• _Required action_
Please keep pictures out of the copy, and print exactly the lines from the one containing "Родился в с." through the end of the records.

• _Data for the task_
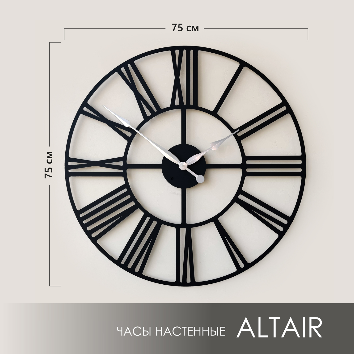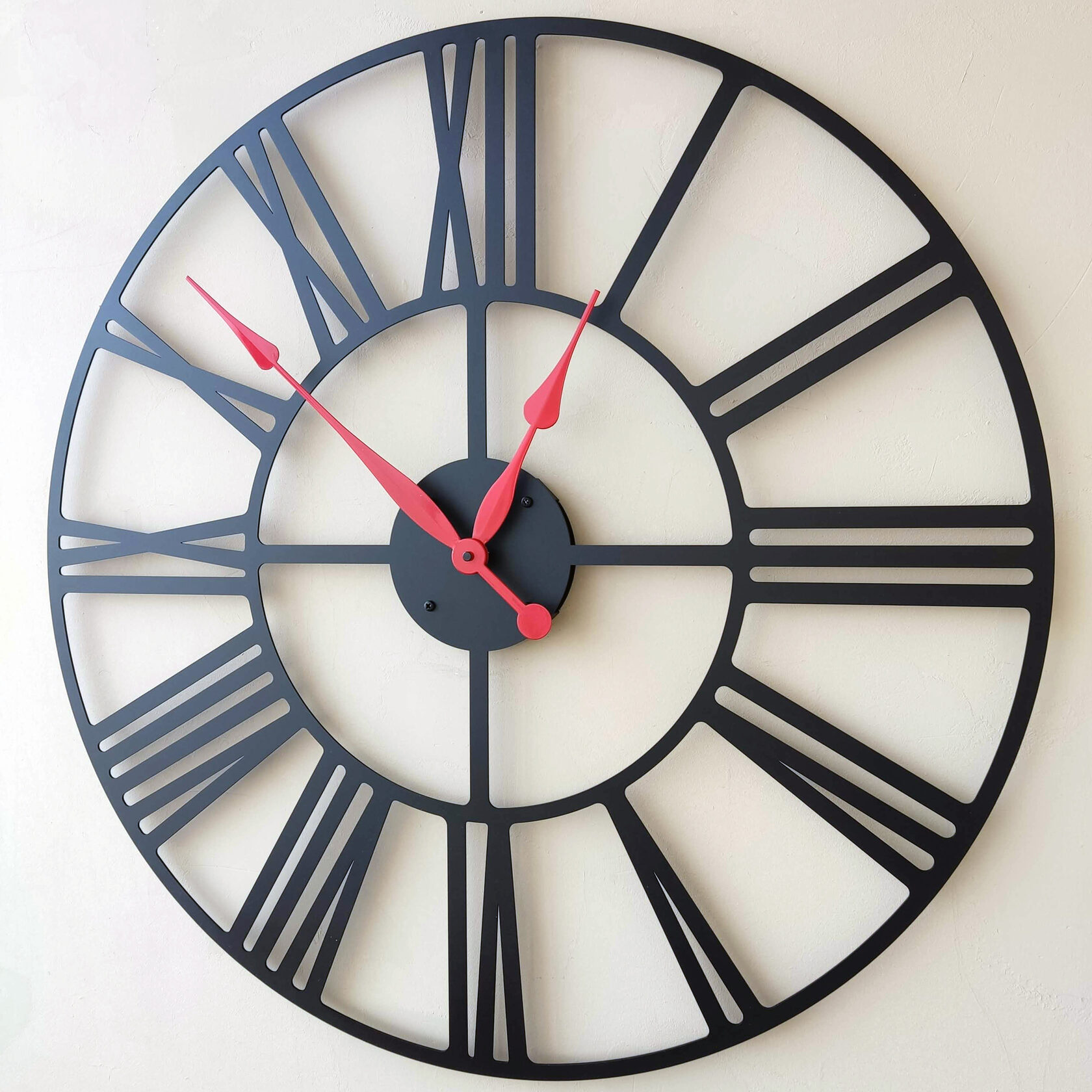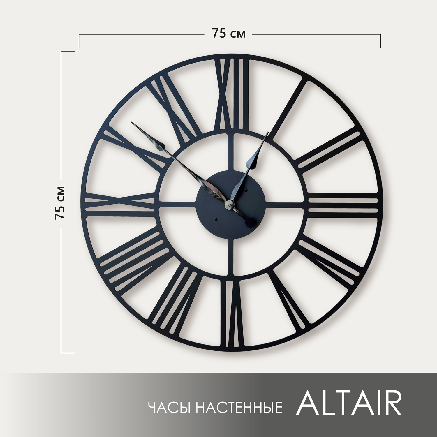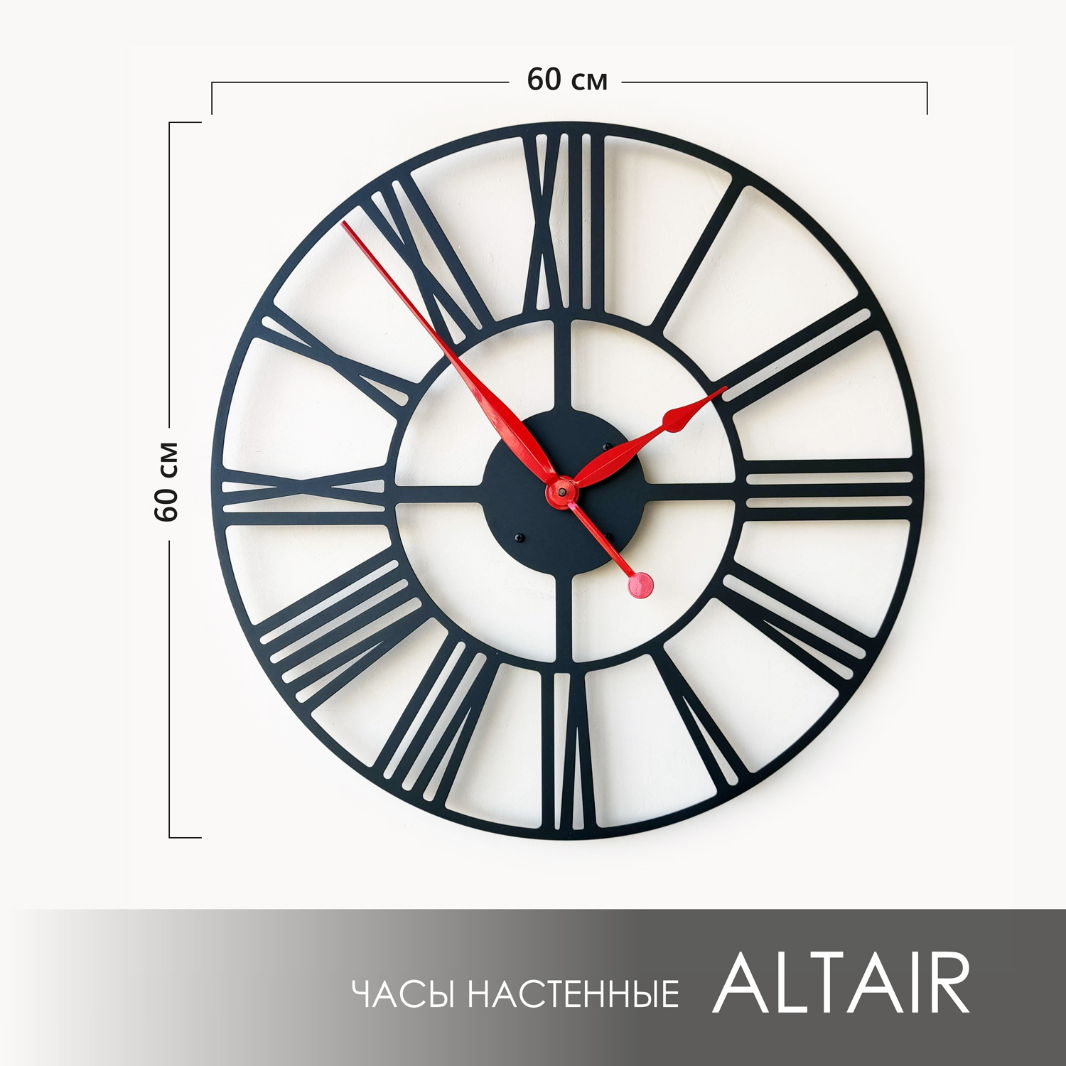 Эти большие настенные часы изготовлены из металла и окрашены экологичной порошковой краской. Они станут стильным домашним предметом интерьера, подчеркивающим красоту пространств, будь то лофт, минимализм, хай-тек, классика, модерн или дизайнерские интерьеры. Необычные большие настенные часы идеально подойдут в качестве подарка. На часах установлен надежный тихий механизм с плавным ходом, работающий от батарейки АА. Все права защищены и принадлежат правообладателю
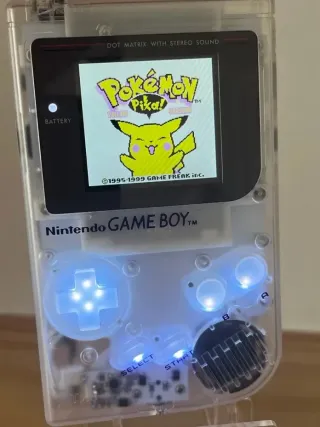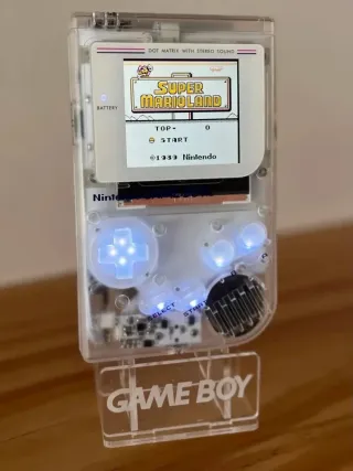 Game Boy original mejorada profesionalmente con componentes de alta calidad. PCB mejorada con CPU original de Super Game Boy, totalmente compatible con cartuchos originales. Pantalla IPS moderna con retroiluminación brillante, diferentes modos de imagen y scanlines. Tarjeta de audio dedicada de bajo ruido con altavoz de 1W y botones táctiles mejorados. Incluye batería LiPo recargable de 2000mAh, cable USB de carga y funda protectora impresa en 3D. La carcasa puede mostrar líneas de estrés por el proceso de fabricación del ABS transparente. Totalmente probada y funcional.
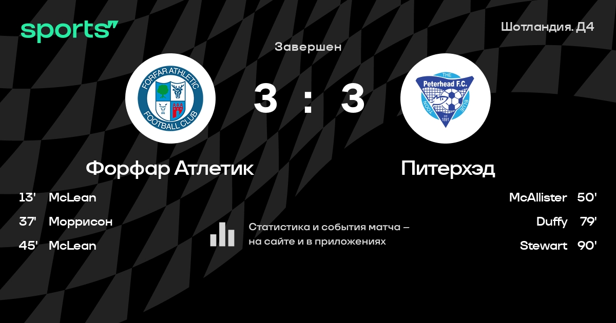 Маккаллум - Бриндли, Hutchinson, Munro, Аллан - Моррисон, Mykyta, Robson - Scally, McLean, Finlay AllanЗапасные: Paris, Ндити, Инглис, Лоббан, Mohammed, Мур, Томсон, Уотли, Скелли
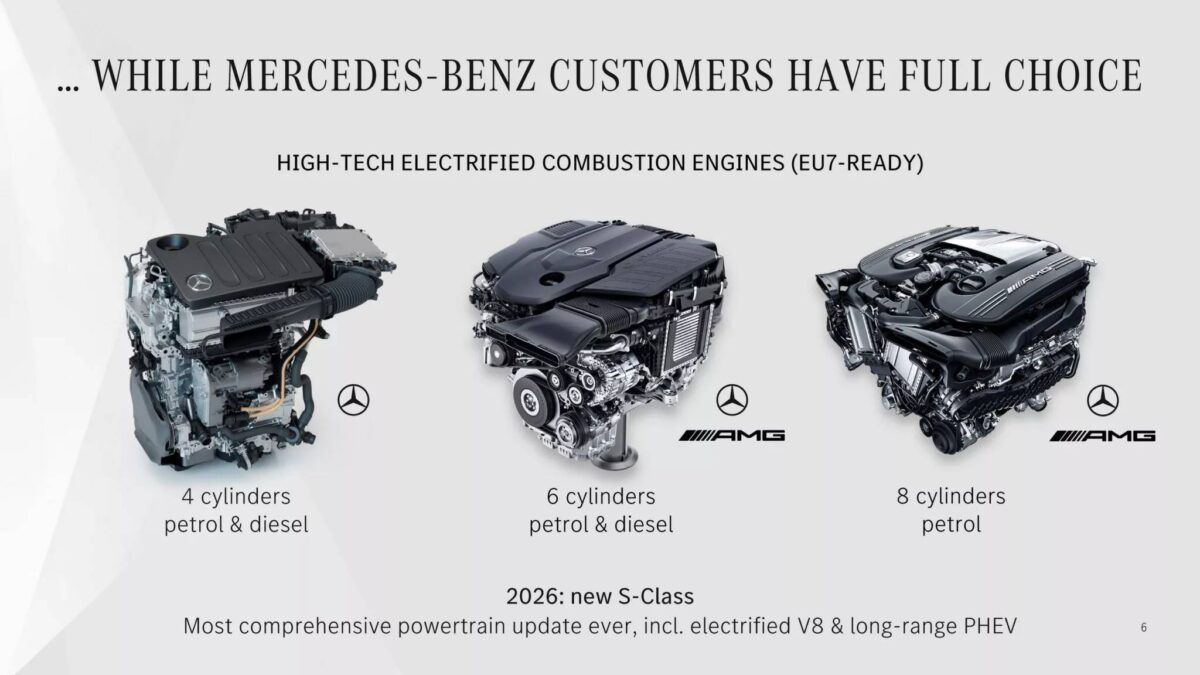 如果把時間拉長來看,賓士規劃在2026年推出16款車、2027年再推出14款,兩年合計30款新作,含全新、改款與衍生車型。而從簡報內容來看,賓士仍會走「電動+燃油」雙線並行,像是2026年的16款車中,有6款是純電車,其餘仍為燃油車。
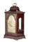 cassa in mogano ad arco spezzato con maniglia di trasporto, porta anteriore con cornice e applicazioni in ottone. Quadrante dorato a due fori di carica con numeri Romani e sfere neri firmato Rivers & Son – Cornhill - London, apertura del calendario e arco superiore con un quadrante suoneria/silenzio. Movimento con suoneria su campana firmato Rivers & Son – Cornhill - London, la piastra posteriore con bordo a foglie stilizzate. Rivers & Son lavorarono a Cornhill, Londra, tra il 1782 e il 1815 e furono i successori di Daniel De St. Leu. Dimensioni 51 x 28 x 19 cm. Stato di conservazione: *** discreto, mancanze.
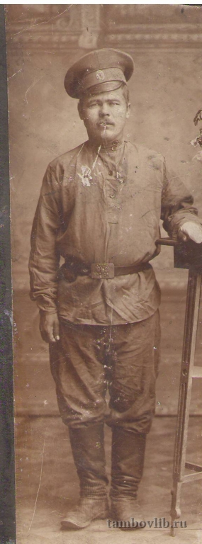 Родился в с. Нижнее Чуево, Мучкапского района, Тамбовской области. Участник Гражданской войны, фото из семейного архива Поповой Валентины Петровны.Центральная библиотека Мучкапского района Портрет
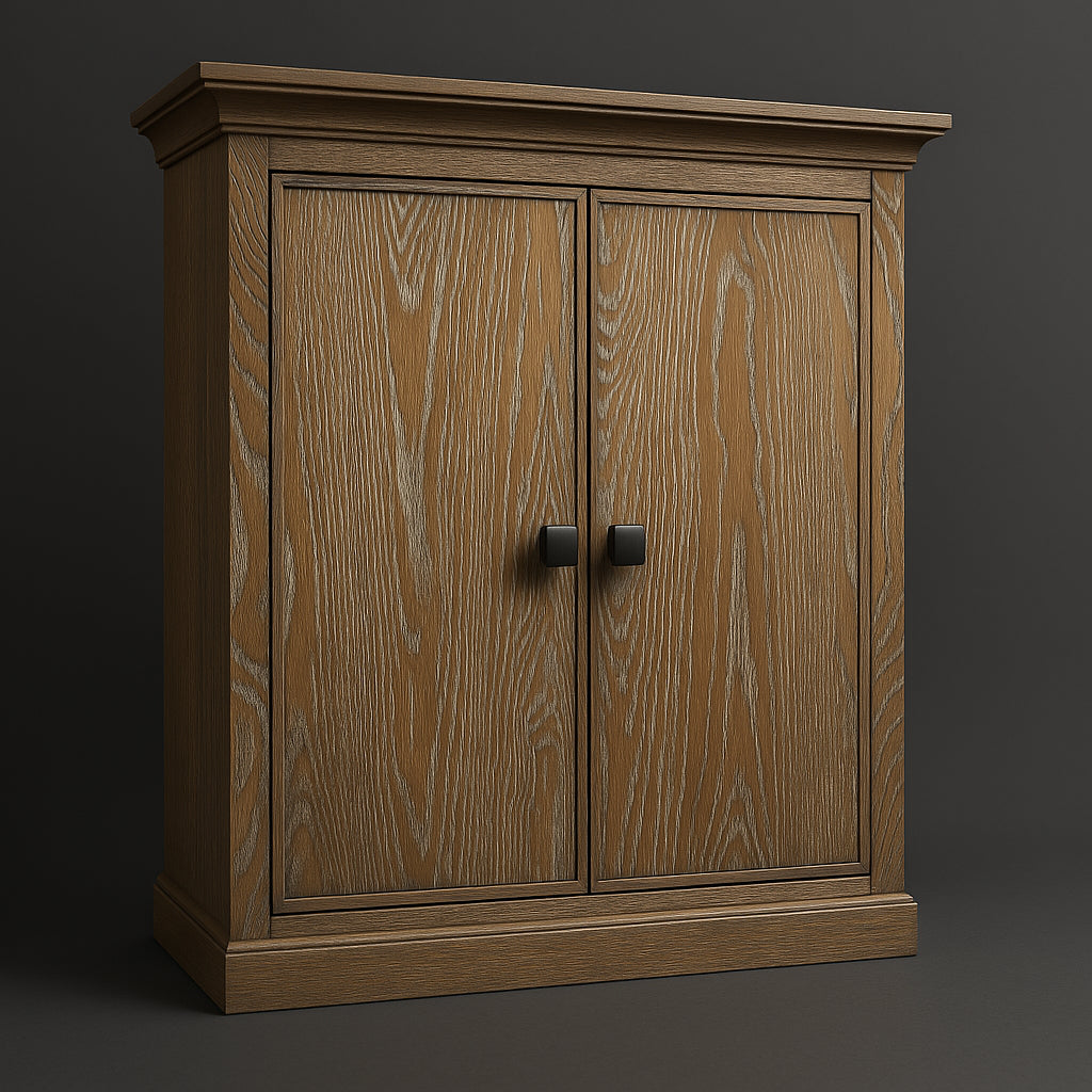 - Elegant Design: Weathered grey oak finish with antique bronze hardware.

• _Answer for the task_
 Родился в с. Нижнее Чуево, Мучкапского района, Тамбовской области. Участник Гражданской войны, фото из семейного архива Поповой Валентины Петровны.Центральная библиотека Мучкапского района Портрет
 - Elegant Design: Weathered grey oak finish with antique bronze hardware.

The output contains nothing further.